Stunned are civil servants in America’s environmental agencies who have been gagged by their own president lest they contradict him to the media. Stunned are election officials who have been told 5 million voted illegally in November when they didn’t. Stunned are the photographers who captured empty spaces at the inauguration only to be told there were none.

Stunned more than anyone is Mexico which finds itself having to deal with the preposterous notion that a wall will now be erected along the border with the United States and the yet more preposterous one that it, not America, should pay for it. It’s American soil it will be built on.

Ms May may have been giddy to be the first foreign leader to enter Trumpland. Enrique Peña Nieto, Mexico’s President, had taken a stand, cancelling his visit to Washington set for next week. What did she have to say about that? Nothing, nothing at all. The special relationship must not be put at risk.
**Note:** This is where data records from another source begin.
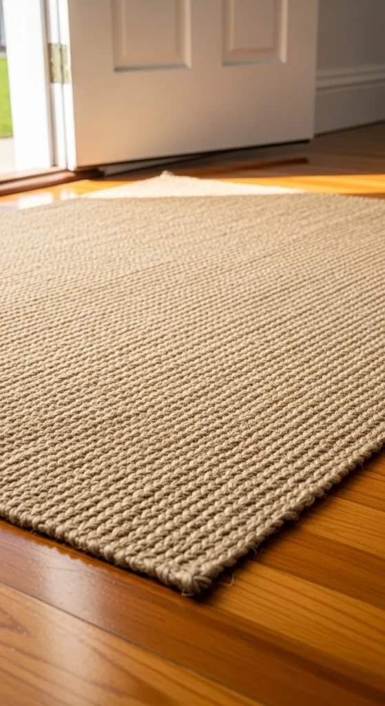 A woven rug brings texture right at the entry. Jute or sisal rugs are durable, especially in high-traffic areas. Choose a size that extends beyond the door path rather than a tiny mat—that helps the space feel connected to the rest of the home. If your flooring is dark, a warm sand-toned rug brightens it. Shake it out weekly to keep dust away. Layering a soft cotton runner on top adds extra coziness. For smaller homes or apartments, a runner works beautifully to guide the eye inward. A woven rug instantly makes the entrance feel intentional rather than just a pass-through area.
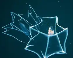 The species reaches body lengths of 6–8 cm. The body plan is radially symmetric around a central mouth, with a polyhedral shape bearing 4 main ridges which end in short basal teeth. The species is bioluminescent and has a bluish tint on the ridges of the nectophores and is covered in gelatinous sheets that form a "box" around the mouth.[6] As in all cnidarians, there is a single gastrovascular cavity (the coelenteron) and the mouth acts as both mouth and anus; it is surrounded by a layer of tentacles bearing nematocysts.[7]
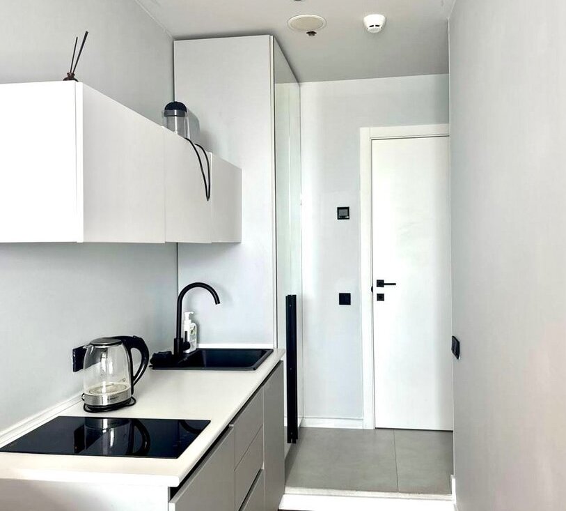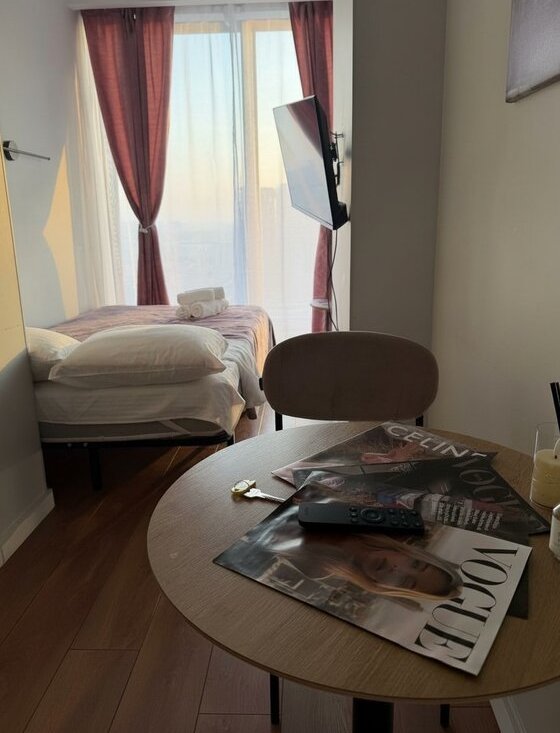 В небольшой студии все для проживания есть. Также включена уборка и замена белья 1 раз в неделю.
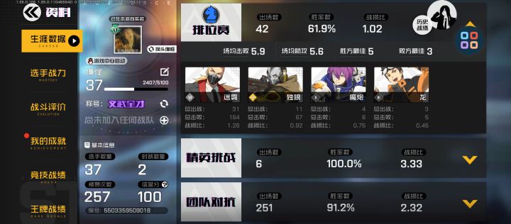 我的段位就只有到骑士阶段,往上面打打不上去了,往上面打就会被摩擦,但是娱乐局的话应该可以随便玩。主要玩的就是劳伦斯和独狼,还有其他几个游击,狙击的话勉强会一点老兵,其他的话都不太行,压制里面还练了一个喷火的那个忘记叫什么名字。其他英雄就不玩了,有没有有意向的小姐姐要一起玩的?有的话加我好友,名字慊怿,备注一下tap或者直接私聊我我加你也可#游戏安利#游戏讨论
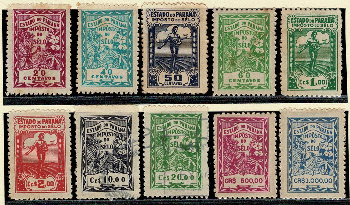 Paraná – */(*)/◉ Imposto do Sello – Ano 1945 – FC 67, 69, 70, 71, 72, 73, 75, 76 e 81 Facial de 1.000,00 que não consta no catálogo/estudo. Lote 1.020 da nossa 70ª VSO, agora oferecido com 20% de desconto..
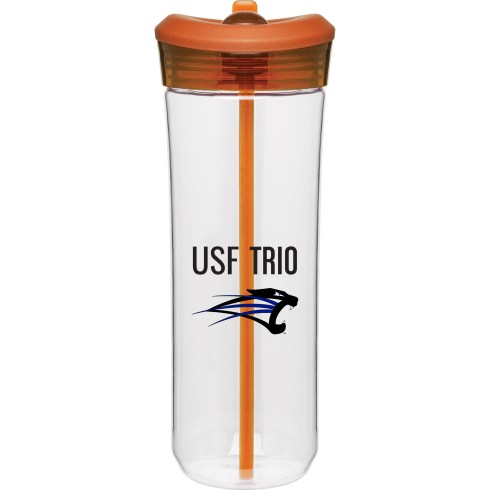 25 oz single wall [BPA-free] Eastman Tritan copolyester bottle with threaded lid, flip-up spout, and matching inner soft straw
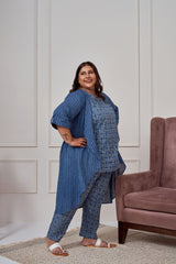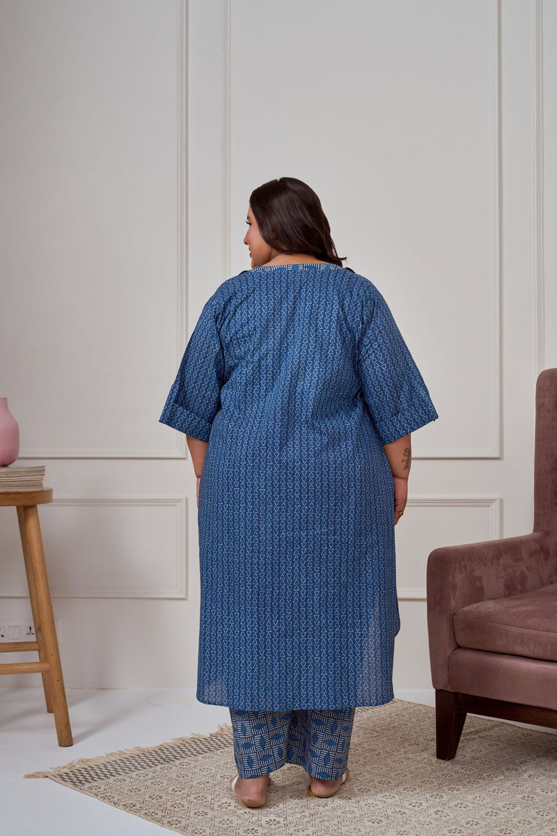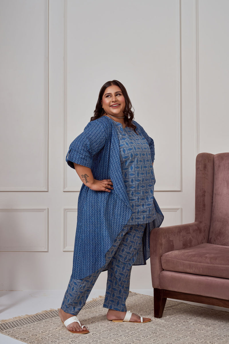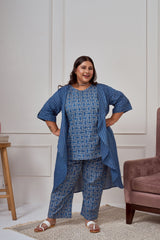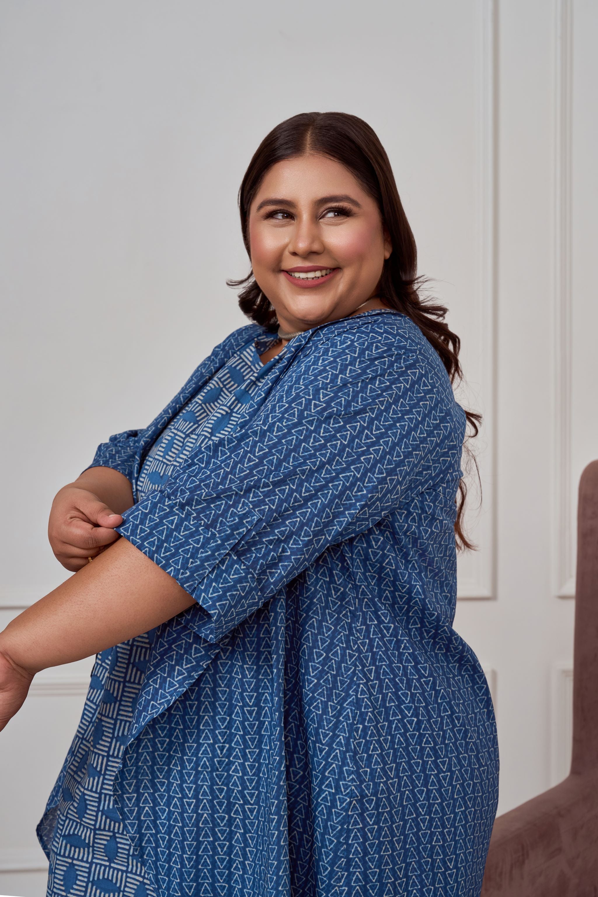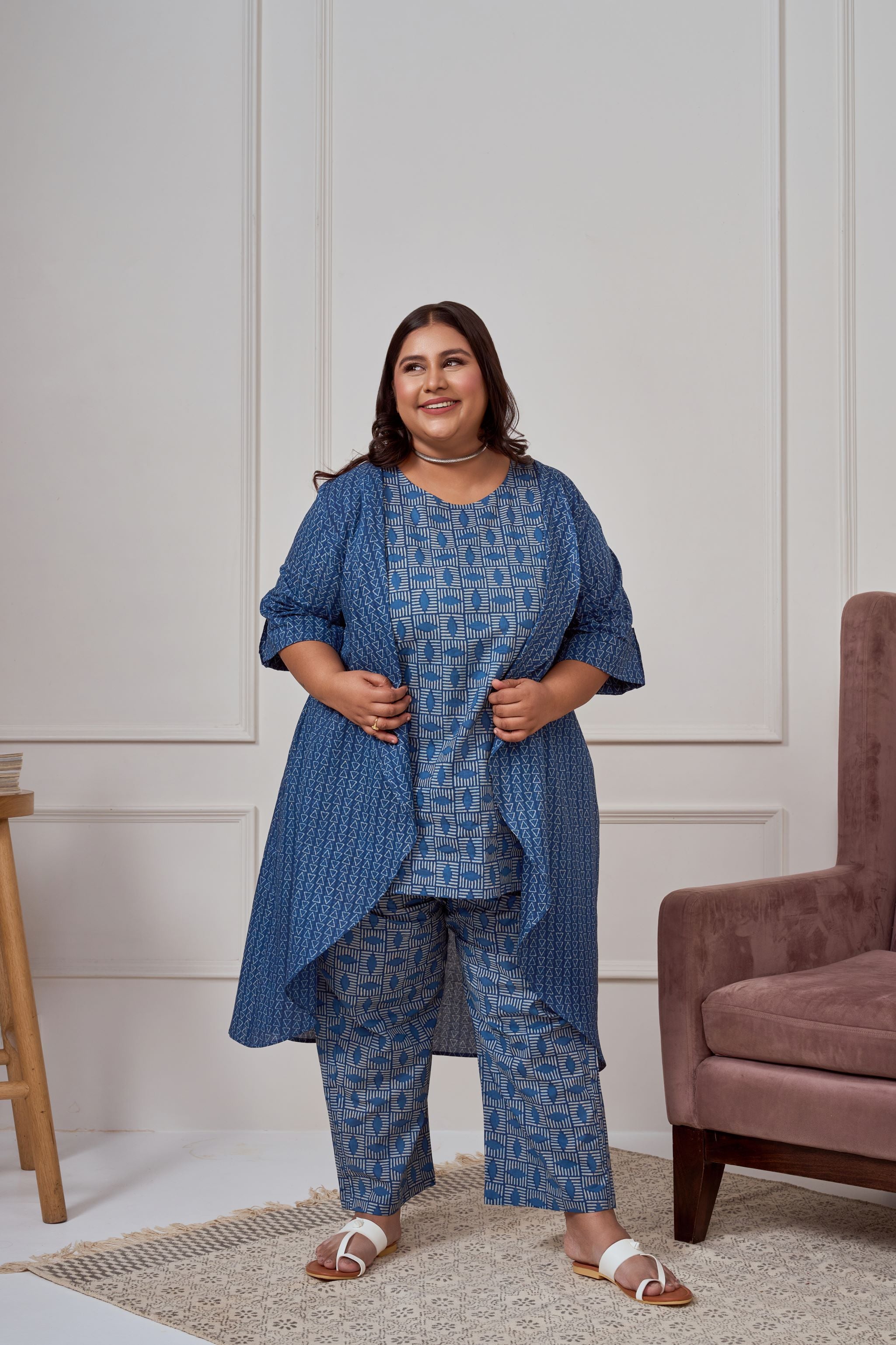 Step up your style game with this Blue Geometric Print Co-ord with Shrug! Featuring a comfy relaxed-fit top and matching pants with an elasticated waist, this outfit is all about easy going chic. With two convenient pockets for your essentials, it’s perfect for everything from workdays to brunch with friends. Effortlessly blend comfort and style in this versatile co-ord set that takes you from AM to PM!
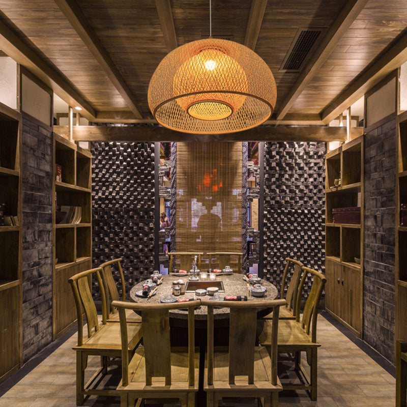 Tea Room Bamboo Pendant Light: Asian Style Dome Ceiling Lamp In Wood
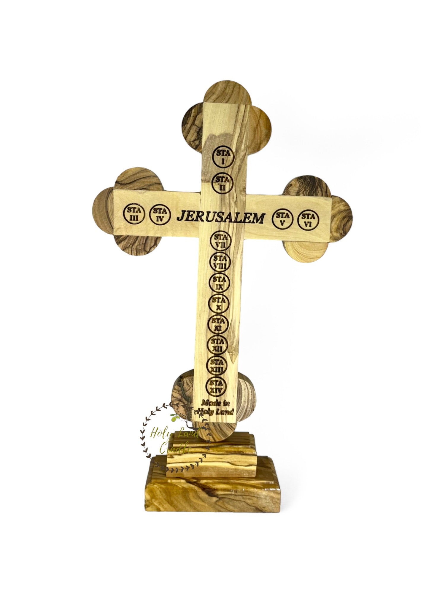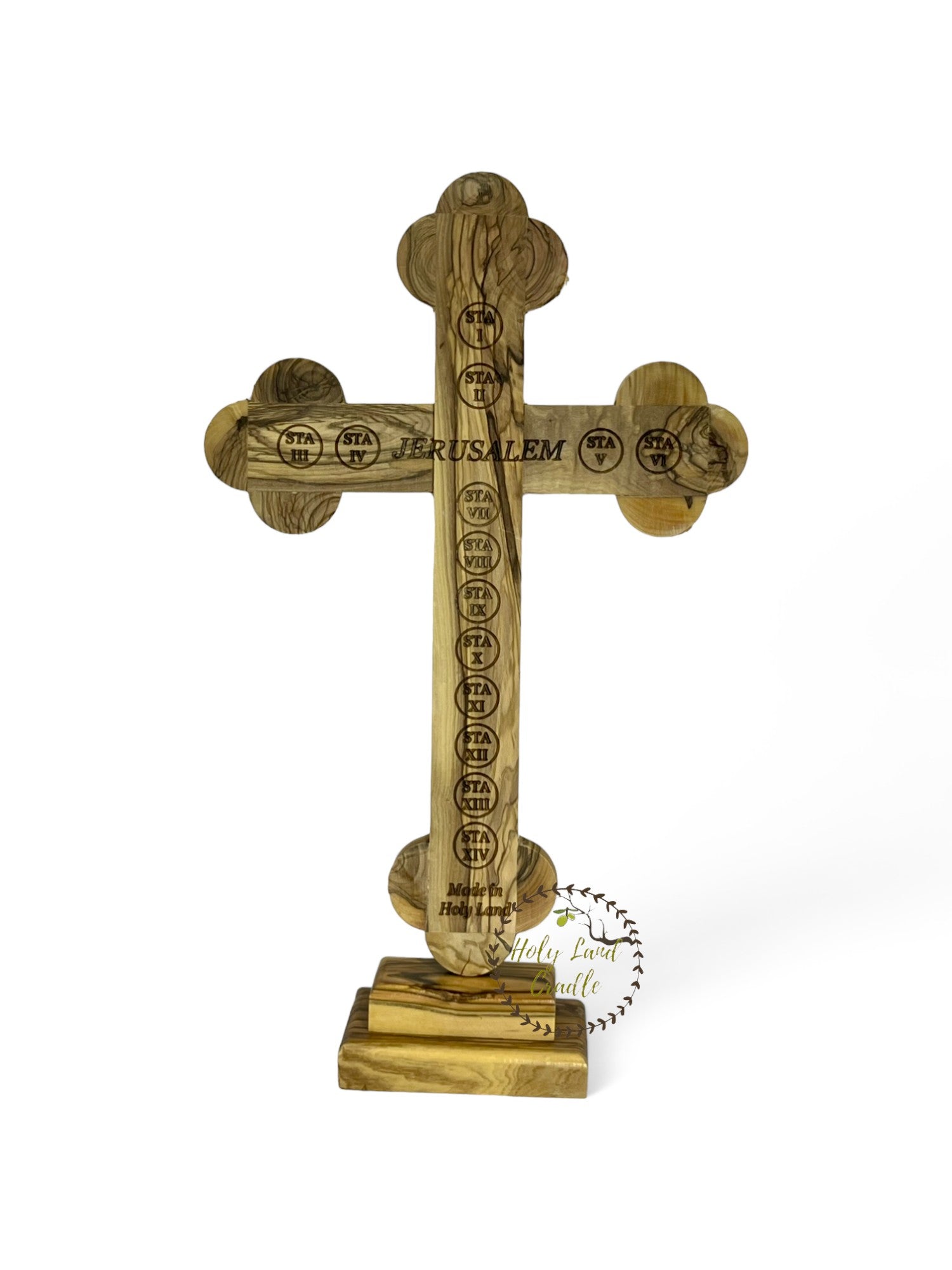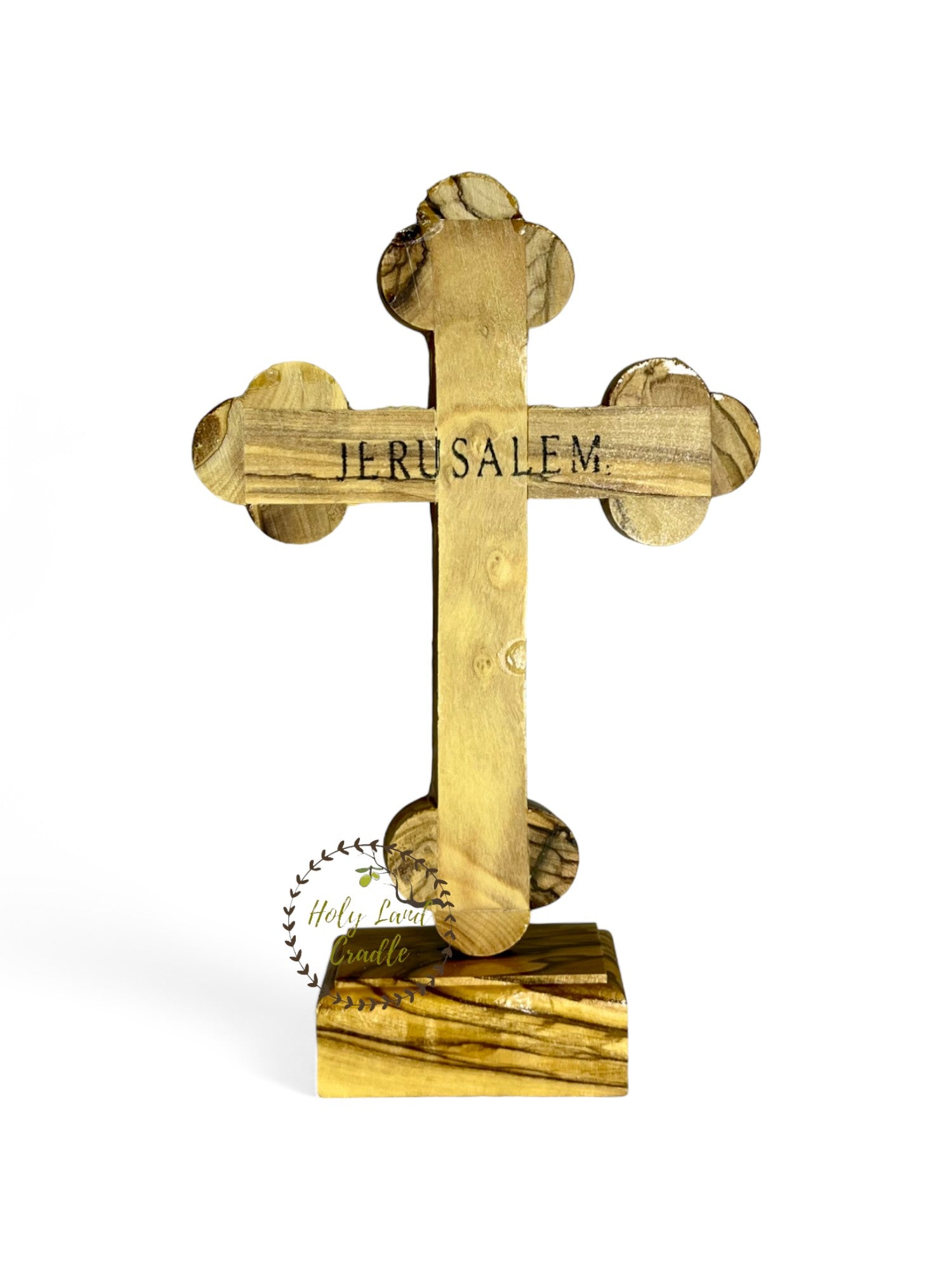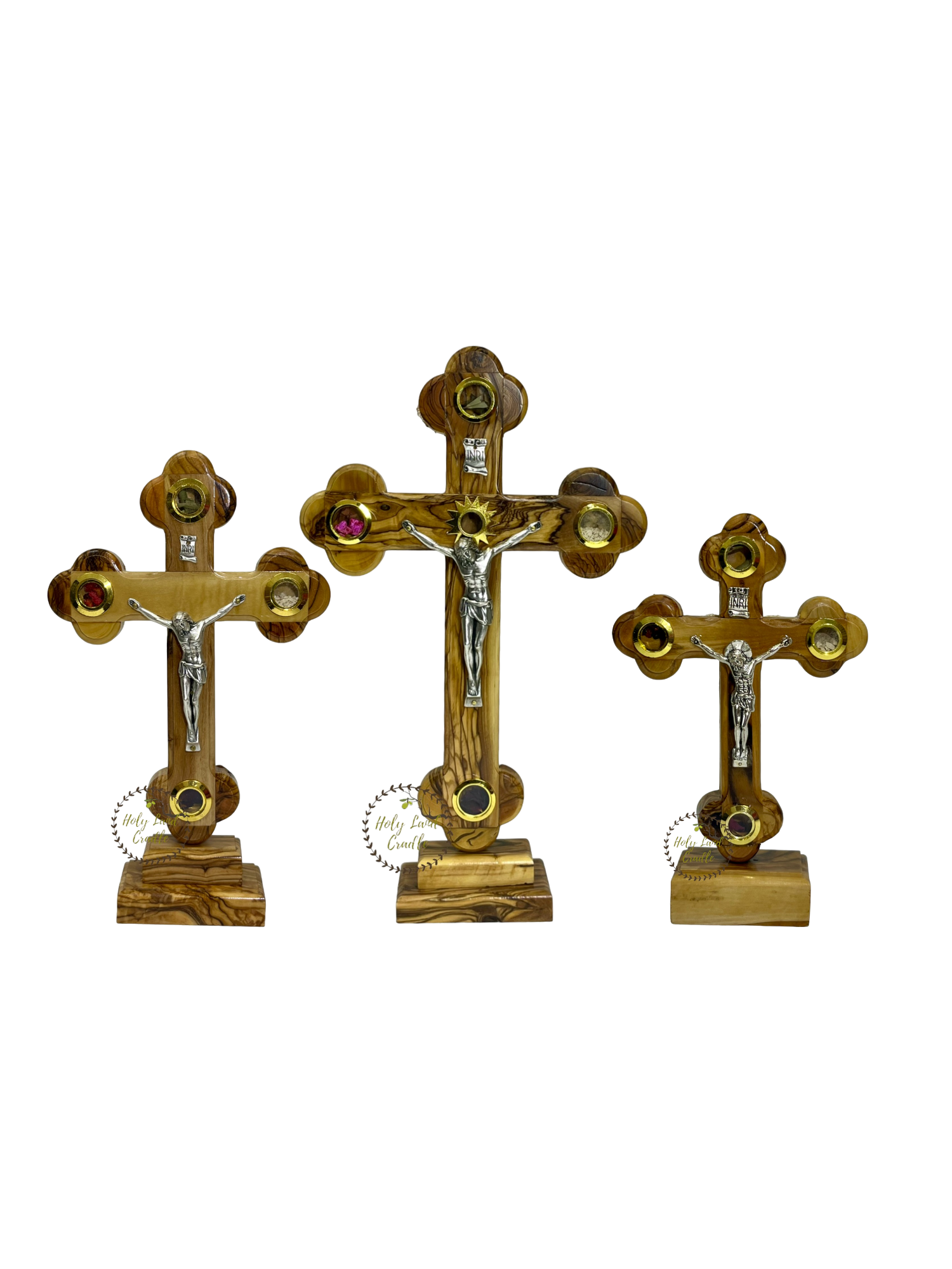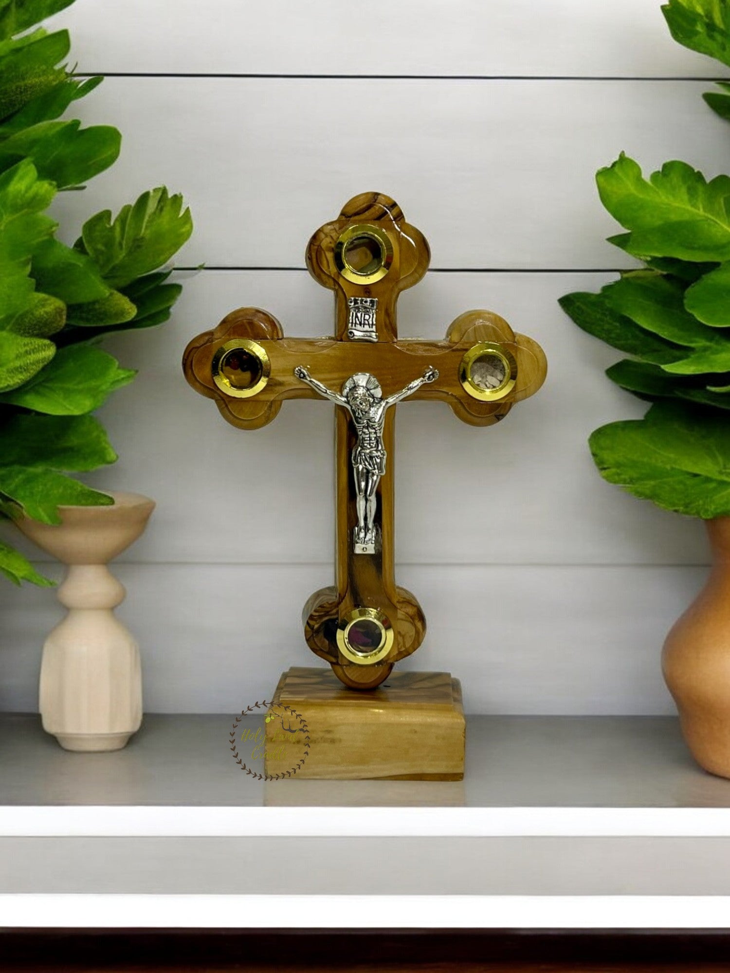 Mounted on a sturdy base, the cross features a silver-plated Crucifix and four glass capsules filled with incense, leaves, and soil from the Holy Land. These elements offer a tangible connection to the sacred places of Christ’s life, death, and resurrection.
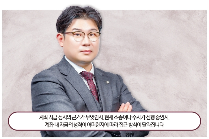 정지의 근거가 무엇인지, 현재 소송이나 수사가 진행 중인지, 계좌 내 자금의 성격이 어떠한지에 따라 접근 방식이 달라지기 때문에 상황을 정확히 파악하지 않은 채 무작정 해제 신청에 나섰다가 오히려 불리한 결과를 초래하는 경우도 있습니다.
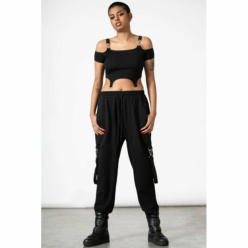 Killstars Scourge Joggers ist eine ultra bequeme Lounge Hose aus reiner Baumwolle. Sie hat eine geriffelte Front und abnehmbare Riemen. Die beiden Seitentaschen haben Reißverschlüsse.

She said there might be times the two of them disagree, but that was it.

It’s a shame. The British excel at the quiet but devastating put-down. And admonishment that went right over his head would have been best. It would have cost her nothing politically at home either where Nigel Farage runs his Trump fan-club of one. How about a line about loving thy neighbour as yourself? But it’s Trump First now. Even America First comes second.

If ever there was a time for a Prime Minister not to fawn in the Oval Office it was this week. Has Downing Street grasped all the dangers that the Trump presidency represents? The rupture of the world order that may be about to happen? Where exactly are the interests of Britain and Trump aligned now he’s in office? The EU? He relishes that it might crumble more. America as leader of the world? America First. Return to protectionism. Fortress America.

Take Mr Trump’s word on nothing. Surely we know that by now. Ask Peña Nieto. When he and then candidate Trump held a joint press conference in Mexico City last August, Mr Trump boldly stated they hadn’t discussed who would pay for the border wall. They had. Mr Peña Nieto was reduced to revealing the truth in a Twitter message after Trump had gone.

Why should we believe him when he says he will leave torture matters to Mattis? That he loves Nato all of a sudden? That he won’t rush to lift sanctions on Russia so his affair with Putin is made real. Or he cares at all about a big new trade deal with Britain? Or that he will even remember the name of the British Prime Minister by the time he wakes up the next morning? Yet fawn she had to, because in a Brexit world, America comes first – to Britain. Even more so than it did before.

On the level of personalities, it’s doubtful that May was any more awed by Trump than he was by her. Yet, it’s sad to see yet another British leader awed by the office of the President, even when the person occupying it deserves another response. For everything he has said and done in his first week in office, it would have been good to have seen less Bakewell and more tart.